- [RECORDS PROVIDED]:
_ _ _ _ _ _ _

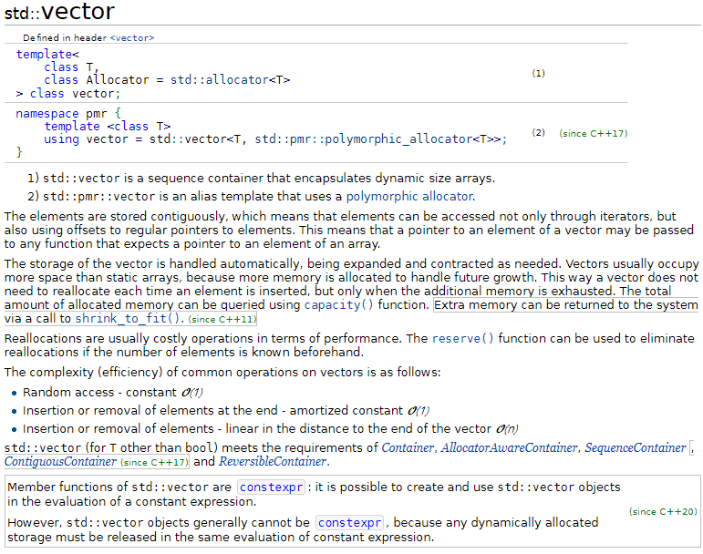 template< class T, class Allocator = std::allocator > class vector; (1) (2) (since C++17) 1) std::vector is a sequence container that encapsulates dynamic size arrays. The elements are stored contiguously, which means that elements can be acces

_ _ _ _ _ _ _

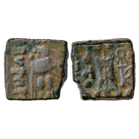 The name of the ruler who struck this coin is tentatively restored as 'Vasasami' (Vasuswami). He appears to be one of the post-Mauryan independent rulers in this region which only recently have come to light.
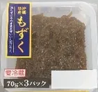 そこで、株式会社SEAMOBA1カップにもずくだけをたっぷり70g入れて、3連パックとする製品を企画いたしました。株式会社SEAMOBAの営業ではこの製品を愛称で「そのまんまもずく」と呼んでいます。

_ _ _ _ _ _ _

- [WHAT YOU WILL DO]:
The lines above starting at the one that holds "The name of" and ending at the one that holds "そこで、株式会社SEAMOB" are to be written out exactly, ends included, and no pictures are to be copied.

- [REPLY TO THE TASK]:
 The name of the ruler who struck this coin is tentatively restored as 'Vasasami' (Vasuswami). He appears to be one of the post-Mauryan independent rulers in this region which only recently have come to light.
 そこで、株式会社SEAMOBA1カップにもずくだけをたっぷり70g入れて、3連パックとする製品を企画いたしました。株式会社SEAMOBAの営業ではこの製品を愛称で「そのまんまもずく」と呼んでいます。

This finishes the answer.